Sequence splitting

Fri Jul 3 13:03:32 EDT 2009

On Jul 3, 12:57 am, Steven D'Aprano <st... at REMOVE-THIS-
cybersource.com.au> wrote:
> I've never needed such a split function, and I don't like the name, and
> the functionality isn't general enough. I'd prefer something which splits
> the input sequence into as many sublists as necessary, according to the
> output of the key function.

That's not a bad idea, I'll have to experiment with the alternatives.
My thought process for this, however, was that filter itself already
splits the sequence and it would have been more useful had it not
thrown away "half" of what it discovers. It could have been written to
returned two sequences with very litter perf hit for all but very
large input sequences, and been useful in more situations. What I
*really* wanted was a way to make filter itself more useful, since it
seems a bit silly to have two very similar functions.

Maybe this would be difficult to get into the core, but how about this
idea: Rename the current filter function to something like "split" or
"partition" (which I agree may be a better name) and modify it to
return the desired true and false sequences.
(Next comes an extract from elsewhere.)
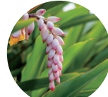
月桃 (ゲットウ葉水)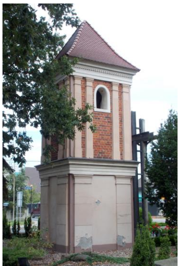
Zdjęcie nr 26. Dzwonnica pożarowa w Czernicy, ul. Wrocławska/Jana Pawła II

– Dzwonnica pożarowa w Czernicy, ul. Wrocławska/Jana Pawła II.

Then recreate the
existing "filter" function with a wrapper that throws away the false
sequence.

Here are two simplified re-creations of situations where I could have
used partition (aka split):

words = ['this', 'is', 'a', 'bunch', 'of', 'words']
short, long = partition(words, lambda w: len(w) < 3)

d = {1 : 'w', 2 : 'x' ,3 : 'y' ,4 : 'z'}
keys = [1, 3, 4, 9]
found, missing = partition(keys, d.has_key)

There are probably a dozen other approaches, but the existing "filter"
is fast, clear, and *almost* good enough. So when is this useful in
general: Whenever filter itself is useful, but you want to use both
sides of the partitioning work it already does.

-Brad